文庫本
娘と二人で古本屋に行って、本を買い込んでくる機会が増えた。
うちには、大学時代に読んで文庫本棚にそのままになっている文庫本がたくさんある。整理したのもあったが、それでも捨てられなくてとっておいた本が、今、ときどき脚光を浴びている。よかった捨てなくて。
娘の感想を聞くと、難しくて無理かな?と思うと意外と読んだり、これなら大丈夫と与えたものが全然ダメだったりで面白い。
ちょっと文学的というか、余韻を残すような結びに慣れないみたいだ。「雨の音が聴こえてきた」みたいに、本編とは全然関係ないけど、主人公の心境とか、今後の示唆とか、そういう何気ない文章で〆られると、「え?なに?コレ?」って感じるみたいである。で、「あれはどういう意味?」と聞かれると、そのたびに、「それは、物語の本編は終わっているので、内容的に何かの意味があるわけじゃないんだけども、なんか、あったほうがいいような、さ・・」と、歯切れの悪い答え方をしている。
そういう彼女には、今のところやっぱり推理小説はぴったりだ。
本編が終わって、あー!そうだったのかー!みたいな、主人公とリンクした感動の中、最後に、大人の推理モノにありがちなように、それまでは単なる同志みたいな関係性だったものに、いつのまにか恋心が芽生えていました、みたいなのは、感情移入に無理がないらしい。そうだよね、事件が終わったからといって、コレでさよならは寂しいよね、って感じで。

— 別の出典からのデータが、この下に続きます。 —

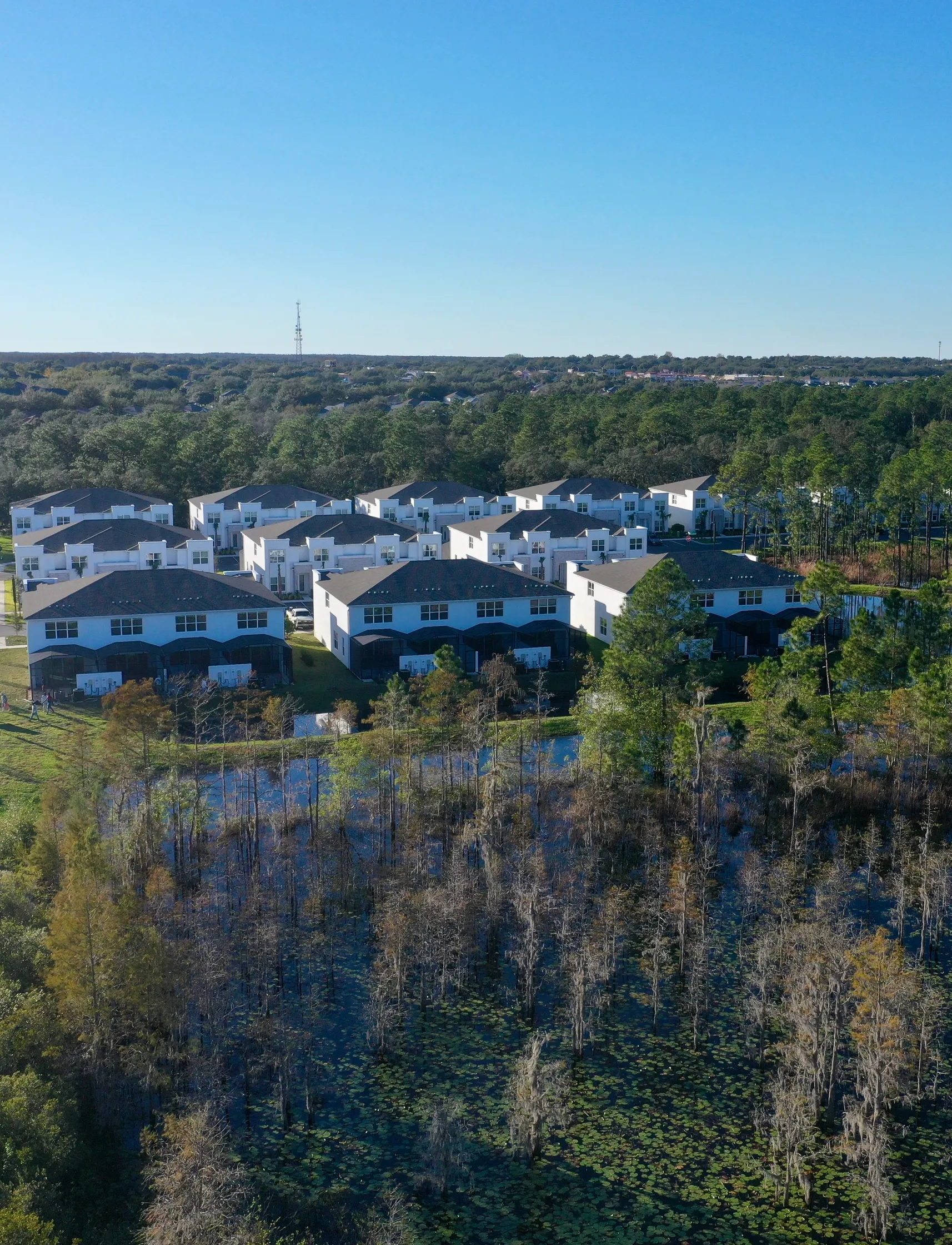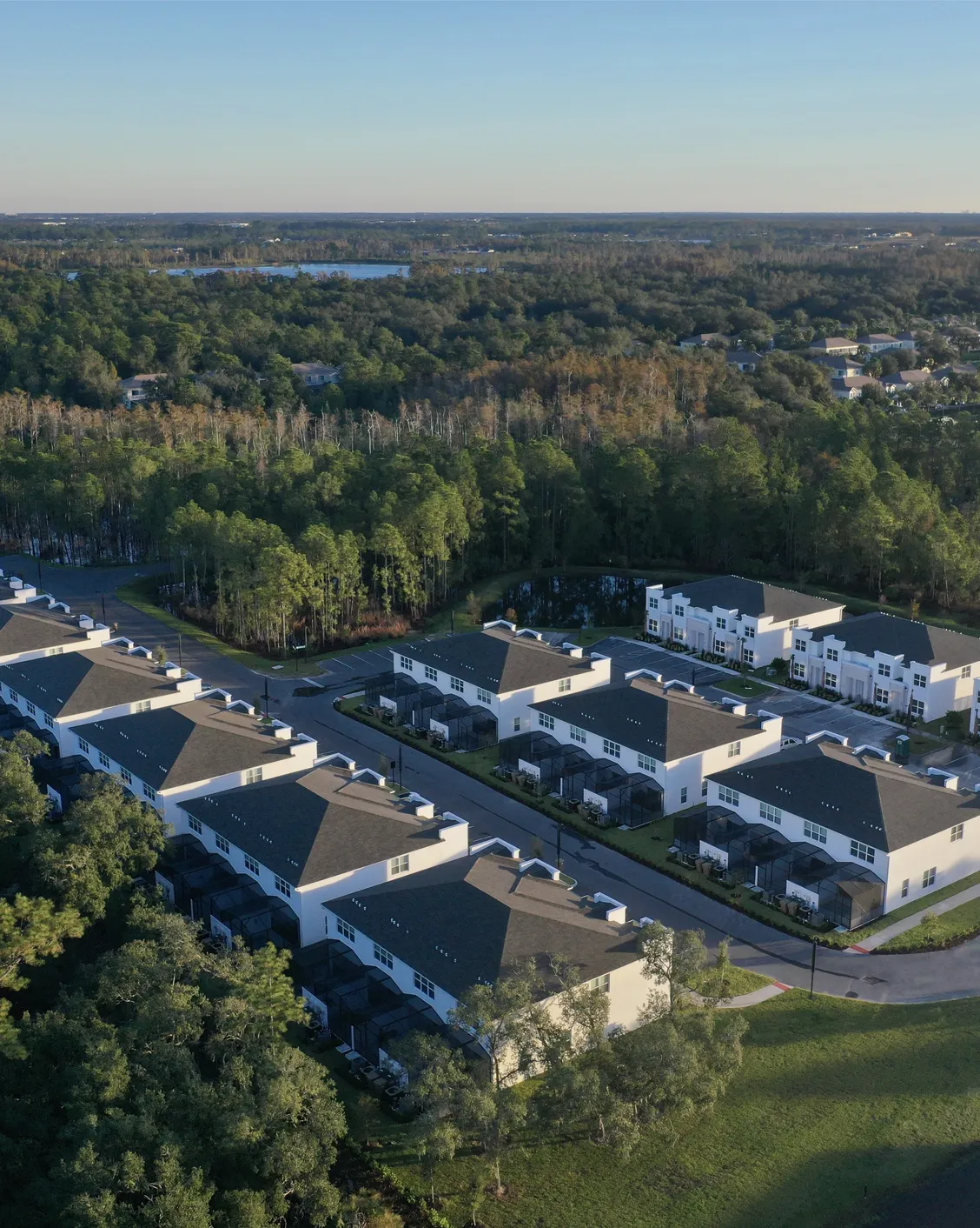 Nestled across more than 25 acres of peaceful landscape, Tranquility is a thoughtfully designed collection of 112 eco-friendly resort townhomes that redefine modern living in Central Florida. Each residence has been carefully placed to take full advantage of the natural surroundings, offering homeowners the perfect balance between connection and calm — a true retreat from the everyday, without ever being far from the excitement of Orlando.

彼女に触発されて、最近私も、また本を読むようになった。
それに伴って、今までパソコン専門書サイズで大丈夫だった本の収納場所が合わなくなってきて、昨夜、いろいろ整頓して場所を確保した。文庫本棚、復活。これで安心して買い込んでこれる。
昔に比べると、表紙がきれいになって読みやすくなったけど、値段はすごく高くなったなーと思うけど、古本屋という味方がいるもんね。